講演情報

[O-6-04]福岡市薬剤師会における院外処方箋包括的事前合意プロトコル運用状況の解析

中村 証1, 加藤 正久1, 井上 裕貴1, 大山 竜也1, 小西 秀平1, 近藤 直1, 吉野 禎治1, 原口 恵子1, 高木 淳一1, 竹野 将行1, 兼重 晋2, 金谷 朗子3, 木原 太郎1 (1.福岡市薬剤師会, 2.福岡大学病院, 3.九州大学病院)
【目的】2015年度全国薬局疑義照会実態調査において、薬局における疑義照会の21.9%が薬学的疑義照会ではなく形式的疑義照会であることが報告されている。福岡市薬剤師会では、2025年5月現在、10医療機関と「院外処方箋包括的事前合意プロトコル」(以下、事前合意P)に基づき13項目について合意書を交わしており、会員薬局は必要な手順を経てプロトコルに従った調剤が可能となる。また、福岡市薬剤師会では13項目を保険調剤制度に基づき評価分類する報告(以下、福岡市薬調査)を行った。実際の事前合意P適用状況や課題について各医療機関より報告されているが、福岡市薬調査を基に評価された報告は無いため解析を行った。

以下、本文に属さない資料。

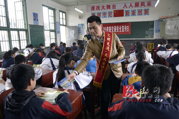 靖州新闻网·红网靖州站讯(通讯员 谢真燕 龙章辉)3月25日,靖州三中学教师宣讲员唐八一向学生宣讲交通安全知识。在全国中小学生安全教育日之际,靖州县教育局联合交警大队开展了“开心上学、安全回家”未成年人交通安全主题教育活动。

【方法】福岡市薬剤師会への届出を基に締結薬局数を調査した。また、福岡市薬剤師会と合意書を交わしている医療機関に対し、保険薬局より提出された事前合意P連絡用紙に基づくデータ提供を依頼し、得られたデータについて福岡市薬調査を基に解析を行った。
【結果】福岡市薬剤師会会員薬局における事前合意P締結薬局は340薬局であり、2件の医療機関より回答が得られた。13項目の使用割合は10%以上が5項目、5%以下が8項目、さらに1%以下が5項目と偏在していた。事前合意Pのデータを分析した結果、形式的疑義照会に該当する6項目中3項目が10%以上に該当。また、従来から疑義照会を必要としない4項目のうち3項目は1.5%以下であり、あまり使用されていないことが示唆された。
【考察】事前合意Pは、疑義照会の省略を目的としたものではなく、主に形式的な疑義照会の省力化を目指したものである。今回の解析により事前合意Pの運用は、形式的な疑義照会の省力化に寄与していることが示唆された。今後、事前合意Pを円滑に活用できるよう課題の解析を実施したい。